ИШ: В этом вопросе вы больше утверждаете, чем спрашиваете. С вашими утверждениями я более-менее согласен. И изобразительность текста и суггестивная психоделика привлекают меня в текстах больше всего. О Бруно Шульце я написал большое эссе, это один из моих любимых графиков и авторов. Но прочитал я его и впервые увидел его работы — относительно недавно, когда то, что вы называете моим стилем, уже сложилось.

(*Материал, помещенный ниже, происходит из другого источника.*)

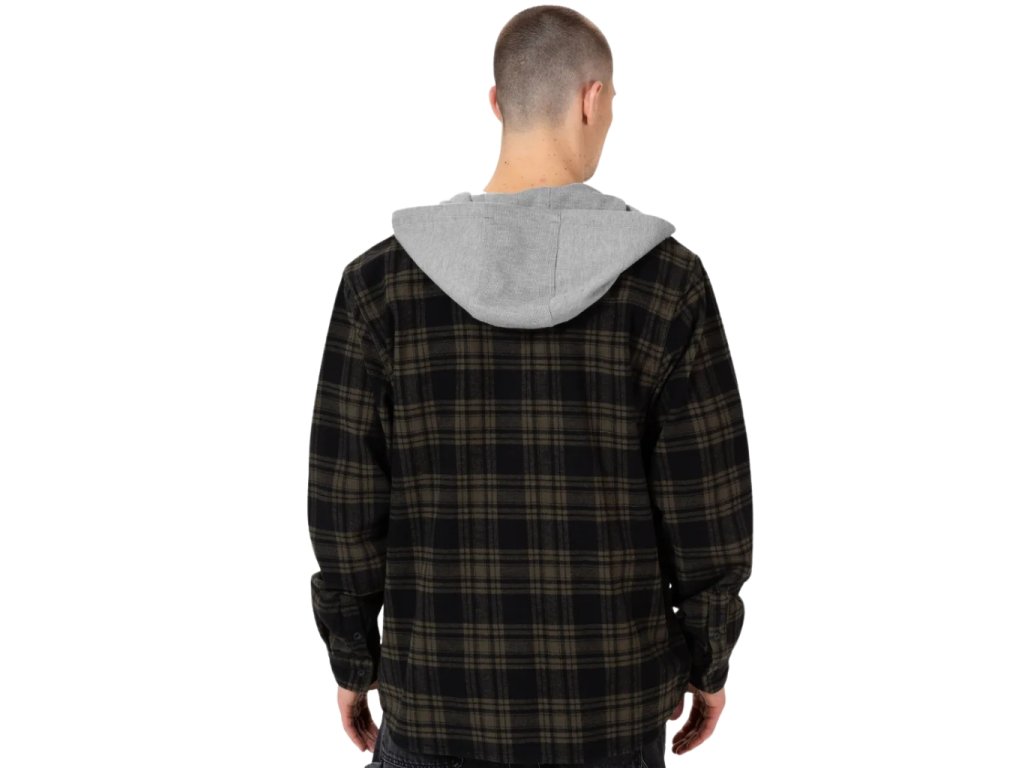 Pitbull West Coast mierne zateplená flanelová košeľa s kapucňou Woodson olive/black

Дёблина и Рота я к сожалению не читал. Дело в том, что я, хоть и неплохо говорю по-немецки, не могу наслаждаться немецкой оригинальной прозой. И поэтому не читаю ее. Мое взаимодействие с культурой приютившей меня страны происходит на бытовом уровне и через изобразительное искусство, которым я до сих пор живо интересуюсь. До наступления пандемии я был жадным посетителем музеев и галерей современного искусства. И не только в Берлине, и не только в Германии…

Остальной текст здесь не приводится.